House Republicans should probably investigate Senate Democrats for the big role they played in the IRS scandal

House Republicans have spent a significant amount of time over the 13-plus months investigating the Internal Revenue Service and disgraced official Lois Lerner over the targeting conservative and Tea Party groups.

But a series of ethics complaints filed by the Center for Competitive Politics earlier this month highlights the involvement of nine Senate Democrats, including Sens. Carl Levin (D-MI) and Chuck Schumer (D-NY), in the IRS scandal, as A. Barton Hinkle explains:

The complaint details several letters Levin wrote to the IRS in which he insisted that “a message needs to be sent” to social-welfare groups “on an urgent basis,” and that the message should make it “crystal clear” they needed to restrict their political activities.
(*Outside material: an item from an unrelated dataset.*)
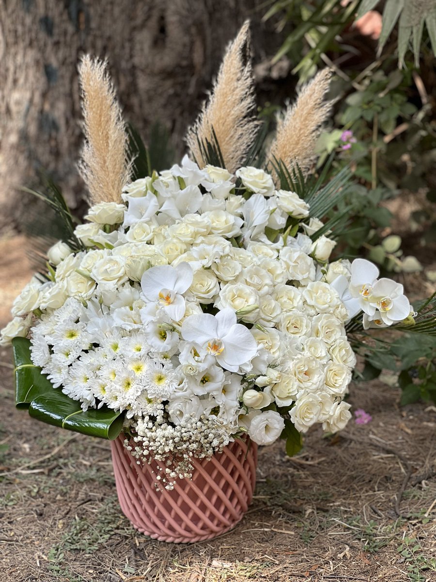 Masumiyetin Gösterişli ve Hacimli Hali Beyaz renk; temizliği, yeni başlangıçları ve iyi niyeti temsil eder. Bu aranjman, tamamen beyaz çiçeklerin farklı dokularını bir araya getirerek (güllerin kadifemsi yapısı, orkidelerin zarafeti, krizantemlerin hareketliliği) göz yormayan ama inanılmaz derecede zengin ve hacimli bir “Kraliyet” duruşu sergiler.
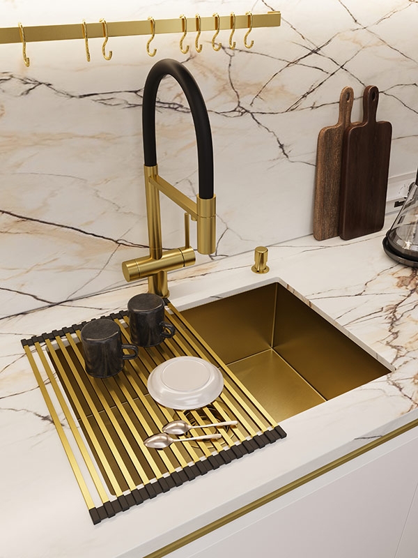 Материал Нержавеющая сталь и черный силикон Назначение Для кухонной мойки Цвет Gold Тип Ролл-мат Исполнение Квадратный пруток Размер 440 x 330 мм

Just so the IRS would not misunderstand, he drew attention to two TV advertisements—one by Crossroads GPS and another by Patriot Majority USA.

Unsatisfied by the IRS response, Levin continued to press the agency to give such groups—which are organized under Section 501(c)4) of the tax code—”a choice: either lose their exempt status (and pay taxes) or eliminate the partisan political activity.” He followed that up with a demand to see confidential information about Crossroads GOP, Priorities USA, Americans for Prosperity, and Patriot Majority USA. Informed that “the IRS cannot legally disclose” what he wanted, he tried again—and again. As the ethics complaint notes, “IRS Acting Commissioner Steven Miller acknowledged in an interview that Senator Levin’s effort did, in fact, have an effect on the IRS’ internal proceedings.”
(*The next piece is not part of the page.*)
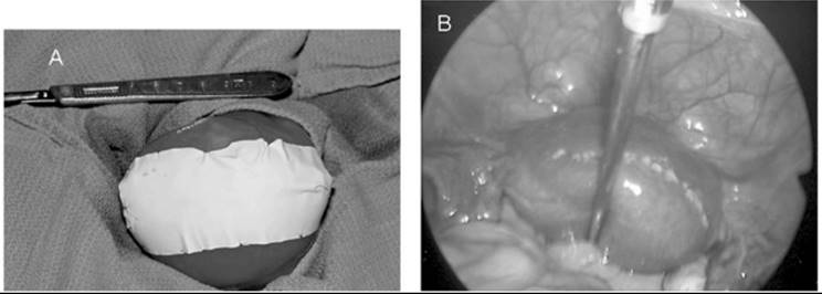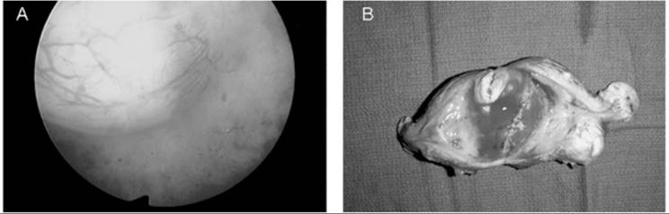 FIG. 49.4. Submucous leiomyoma. A: A submucous fibroid visualized at hysteroscopy is from a woman with a history of menometrorrhagia unresponsive to medical management with NSAIDs and oral contraceptives. Although the tumor protrudes into the endometrial cavity, most of it is still within the underlying myometrium. B: The hysterectomy specimen which demonstrates the submucous myoma responsible for the excessive vaginal bleeding. |

Durbin not only demanded that the IRS investigate groups he didn’t care for—he boasted about it in news releases that drew the attention of the media. No wonder: Durbin made the demand a month before the fall congressional elections. Subtle!
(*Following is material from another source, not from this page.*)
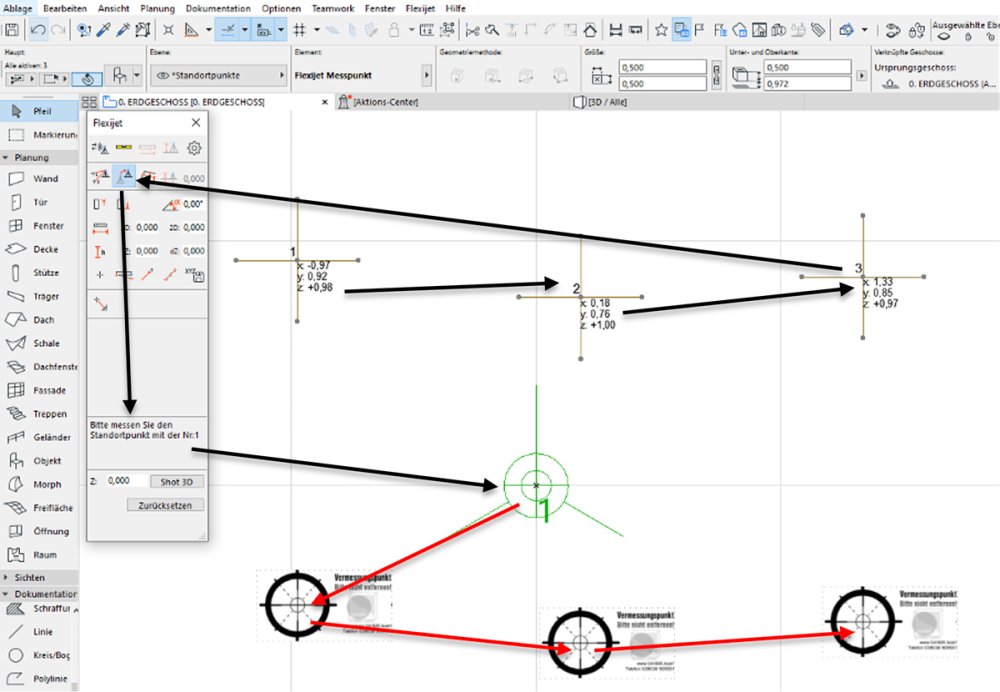 Standortpunkte kleben und einmessen

Schumer, Franken, and Co. also wrote to the IRS, wondering—purely out of idle curiosity, you understand—whether the agency “is investigating or intends to investigate” whether certain groups might be engaging in—gasp!—”campaign activity.” Which groups? Oh, “Elections operations such as Mr. (Karl) Rove’s.” They followed that up a month later with a request that the IRS change the rules governing social-welfare nonprofits.

Of course, Senate Democrats aren’t even hiding their contempt for free speech anymore. They’re openly pushing a constitutional amendment that would repeal part of the First Amendment and allow Congress to regulate political speech.

The IRS’s role in the targeting of conservative and Tea Party groups is entirely worth of investigation and prosecution, if indeed federal laws were broken, and there’s 1.1 million reasons to believe that they were. But the heavy emphasis that House Republicans have placed on the IRS misses who was motivating the agency to go after these groups.

The hope that House Republicans could implicate the White House in the scandal may have been pushing them to focus so much on the IRS. But the encouragement and prodding the agency received from Senate Democrats is big and bad enough on its own to show that there were political motivations behind what the IRS was doing.